Credenciado como hospital-escola, GHC está entre as instituições federais que aguardam autorização
para abertura da graduação em Medicina

Fabiana Beltrami/Ascom UPF

O pacto de melhoria no atendimento aos usuários do Sistema Único de Saúde (SUS), com investimentos em infraestrutura hospitalar e unidades de saúde e ampliação do número de médicos em municípios do interior e na periferia das capitais, proposto pelo governo federal com a implantação do programa Mais Médicos, prevê a criação de 11.447 vagas na graduação em Medicina em todo o país até 2017 e mais 12 mil vagas para formação de especialistas até 2020. A abertura de novos cursos representa mais 3.615 vagas em instituições públicas e 7.632 IES privadas. A meta do governo é atingir em 2022 a média de 2,7 médicos por mil habitantes. A relação atual é de 1,8 médico por mil. No RS, Unisinos, Feevale, Urcamp, Univates, Unijuí, Cesuca (Cachoeirinha) e Unifra, de Santa Maria, são algumas IES privadas com cursos de Medicina em avaliação pelo MEC, assim como propostas de graduação de instituições públicas, a exemplo do Grupo Hospitalar Conceição e da Unipampa. De julho a novembro, foram criadas 2.415 vagas de graduação em instituições públicas que serão implantadas até o final de 2014, com foco nas áreas que mais precisam de profissionais e têm estrutura adequada para a formação médica.
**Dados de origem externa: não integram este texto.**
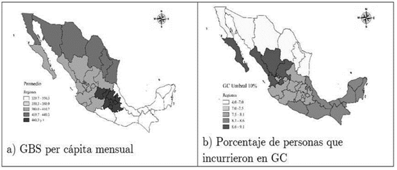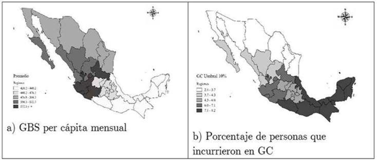 De acuerdo con la OMS y el Banco Mundial (2017), a los elevados gastos en salud se les denomina gastos catastróficos (GC), puesto que superan algún umbral de la capacidad de pago del hogar. En el presente documento se definen como GC aquellos que impliquen la erogación mayor o igual al 10% del ingreso corriente total, lo cual se realiza también a nivel mensual per cápita, de manera que permite el análisis de la evolución temporal de los elevados gastos por concepto de salud. En este sentido, el acceso a los servicios de salud cobra particular relevancia para el caso mexicano, pues se ha verificado que los individuos que no cuentan con algún esquema de atención médica pública suelen reportar mayores niveles de GBS e, incluso, suelen incurrir en GC (Díaz-González y Ramírez-García, 2017; Guzmán, 2018).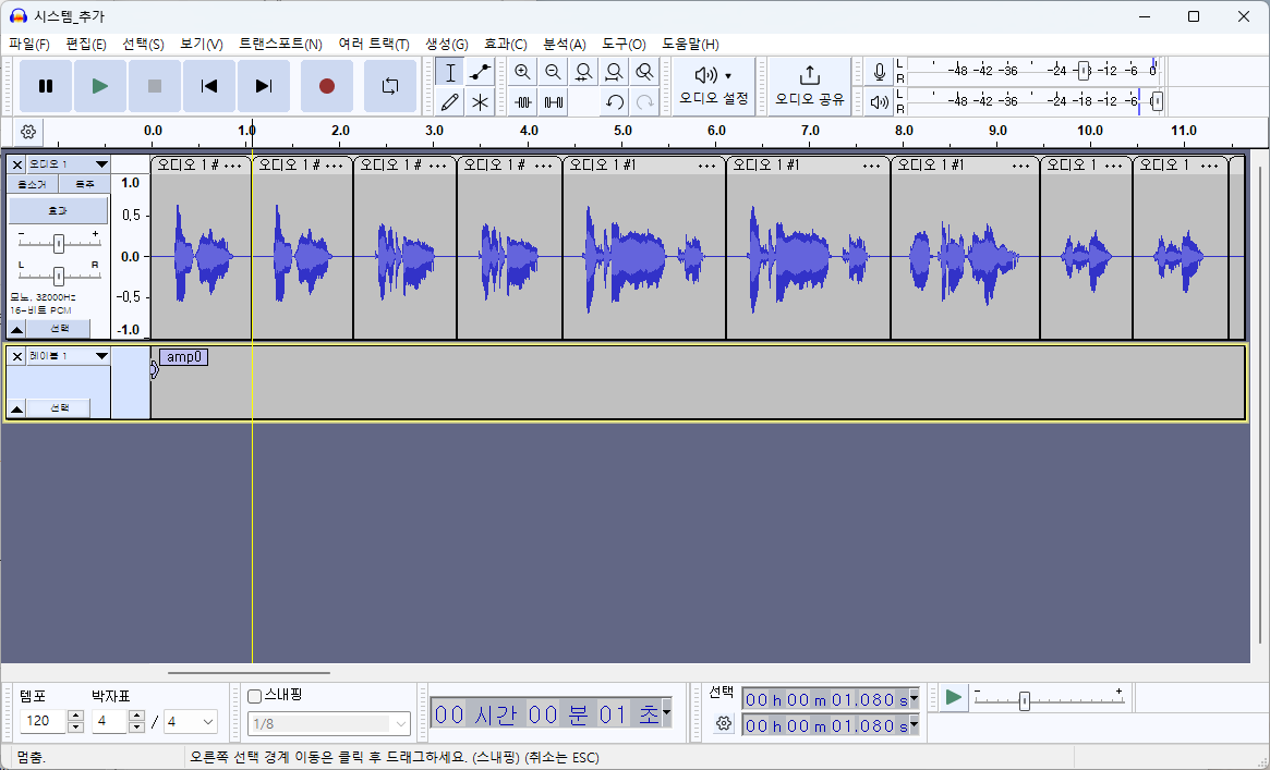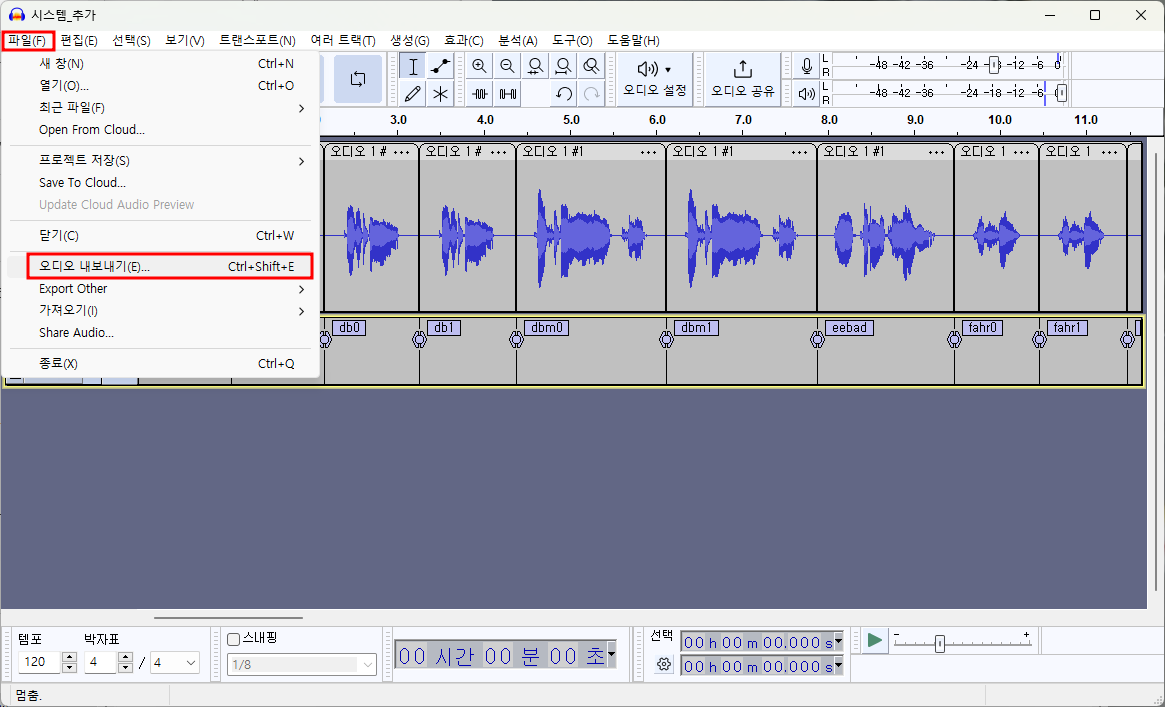 분할된 음원을 시작 부분을 마우스 왼쪽버튼으로 클릭한 후 메뉴에서 "선택에 레이블 추가"를 선택해 줍니다.

Para viabilizar a expansão, o governo alterou a lógica de abertura dos cursos de Medicina nas IES privadas com uma emenda na MP 621. “Antes, as instituições apresentavam um projeto de curso para avaliação do MEC. Agora, o governo faz um chamamento público com foco nas regiões prioritárias do SUS e, em resposta, as universidades apresentam suas propostas”, explica o diretor- -superintendente do GHC, Carlos Eduardo Nery Paes. Certificado como hospital-escola, com atendimento exclusivo pelo SUS, o grupo conta com a frequência de 1,5 mil alunos de Medicina nos seus serviços de saúde, além de 174 mestres e 57 doutores no quadro de funcionários. Deve implantar a graduação em Medicina a partir de 2015.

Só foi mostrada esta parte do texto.